FORMER Workington MP Dale Campbell-Savours is spearheading a campaign calling for reform to the council tax laws after it emerged that people living in a £52million property in Westminster pay less than people in the average house in Allerdale.
The Cumbrian peer is due to ask a question in the House of Lords today.
He will ask: “How is it possible for a £52 million house in central London to have a lower council tax rate than a former local authority home on Windebrowe Avenue in Keswick and almost the same as a £90,000 former local authority home on Moorclose Road in Workington in my former constituency?
“The truth is the council tax system is now discredited. It’s unfair, it penalises part of the North and favours London, and it’s now in urgent need of reform.”
The life peer – who as Dale Campbell-Savours was the constituency’s MP from 1979 to 2001 – has spent months researching and comparing council tax figures across Cumbria with high-end properties in central London.
He stressed: “I make no criticism of Cumbrian local authorities. They are all victims of a system which, fair at the point of its introduction more than 30 years ago, is now grossly unfair and in need of urgent reform.”
He presents his findings below...
THIS is a report that will shock. Many will find it difficult to believe, but it is true.
It draws upon my detailed research as part of a wider discussion over a divided Britain.
The overwhelming evidence points (in terms of healthcare, education and public transport) to a privileged south enjoying benefits denied to people living in a less advantaged north.
It draws on my experience of owning two homes – one in Cumbria, where I have previously lived since the early 1950s, and the other in the south, which I have used to attend the House of Commons and later the Lords.
Today I expose one of the most blatant examples of unequal treatment: the council tax and how it penalises parts of the North.
I can reveal that council tax bands in the London borough of Westminster are a fraction of council tax rates payable here in Cumbria.

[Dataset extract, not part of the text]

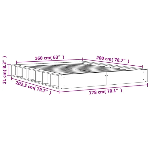 S tem lesenim posteljnim okvirjem lahko uživate v odličnem spancu! To je praktičen in dekorativen dodatek za vaše notranje prostore. Trdna borovina: Trdna borovina je čudovit naravni material. Borovina ima ravne vzorce, grče pa dajejo materialu njegov značilen, rustikalen videz.Močan posteljni okvir: Lesen okvir zagotavlja trdnost in stabilnost. Letvice iz vezanega lesa omogočajo dobro porazdelitev teže in zagotavljajo, da vzmetnica ostane na mestu ob vsakem zasuku in obračanju med spanjem.Prostorsko varčna zasnova: To posteljno dno ima višino, ki prihrani prostor, zaradi česar je popolno za manjše sobe ali sobe z nizkimi stropi. Dobro je vedeti:Vzmetnica ni priložena tej postelji. Ponujamo različno izbiro ležišč. V naši trgovini si lahko ogledate ustrezne vzmetnice.Barva: Voščeno rjavaMaterial posteljnega okvirja: Trdna borovinaMaterial letvic: Vezan lesDimenzije: 202,5 x 178 x 21 cm (D x Š x V)Velikost primerne vzmetnice: 160 x 200 cm (Š x D) (vzmetnica ni priložena)Potrebno sestavljanje: Da
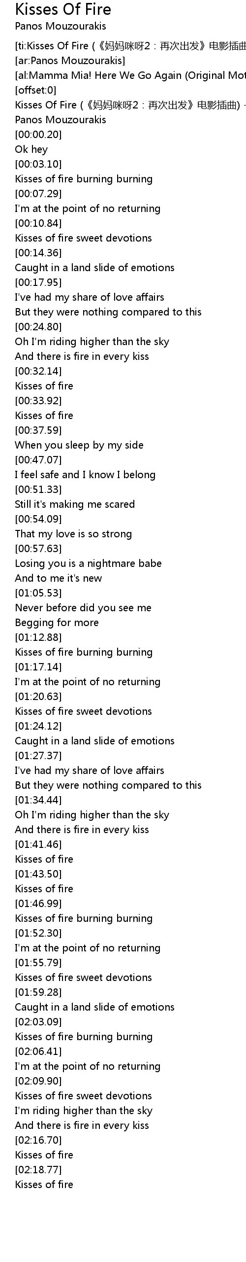 | [00:00.10] | Kisses Of Fire ma ma mi ya 2: zai ci chu fa dian ying cha qu Panos Mouzourakis |

For example a £52million luxury home in Mayfair pays almost the same or only slightly more in council tax than a £70,000 council or housing association property here.
This table compares council tax band payments in South Lakeland and Barrow with those payable in the London borough of Westminster:
£54,000,000 town house in Mayfair, Westminster - £1,655
£70,000 house, Moorclose Road, Workington - £1,580
£240,000 house, Windebrow Avenue, Keswick - £1,852
£195,000 house on Eldred Street, Carlisle - £1,649
£125,000 house on Lawson Close, Whitehaven - £1,593
My research has taken in properties valued for sale on Rightmove at up to £54million... with a maximum council tax of £1,655. It further shows that throughout Cumbria there are properties registered for council tax in our highest G and H bands with council taxes of well over £4,000 a year – more than two-and-a-half times higher than the highest charges in Westminster on multi-million-pound homes. The highest band there is £1,655, compared with the highest bands in Cumbria:
Eden........................................................... £4,100
Copeland.................................................. £4,097
Allerdale................................................... £4,065
Barrow....................................................... £4,031
South Lakes............................................. £4,017
Carlisle...................................................... £3,984
Westminster............................................. £1,655
These gross inconsistencies don’t only benefit the London boroughs – they are to be found in other areas of the country, in particular in southern England.
The Government justifies these inconsistencies on levels of efficiency in local government. This is invariably a myth. It leads to a dishonest discussion over the main driver behind council tax increases nationally. The truth is to be found in the varying levels of government support; the ability of councils to raise revenue from parking charges; population and housing density; revenue from cross-borough public sector amenities servicing wider populations; and other factors.
I do not doubt there are inefficiencies to be found in areas of local government, but they pale into insignificance when compared to wider structural failures in the whole council tax system.
The truth is we have created a truly divided society much exacerbated by a refusal by Parliament to agree a reform. Cuts in public services and reductions in financial support are only serving to aggravate the position as annual percentages increase under a national formula. These combine to penalise parts of the country with higher and higher council taxes.
I make no criticism of the Cumbrian local authorities. They are all victims of a system which, fair at the point of its introduction more than 30 years ago, is now grossly unfair and in need of urgent reform.
Inter-party wrangling over marginal annual percentage council tax increases are a distraction from a more valid and urgent discussion over why we in Cumbria are paying more than our share for what are very often lesser public services.
We now need a national debate on the way forward. Hopefully my report will provoke that debate and we can start that in Cumbria with our local authorities taking the lead.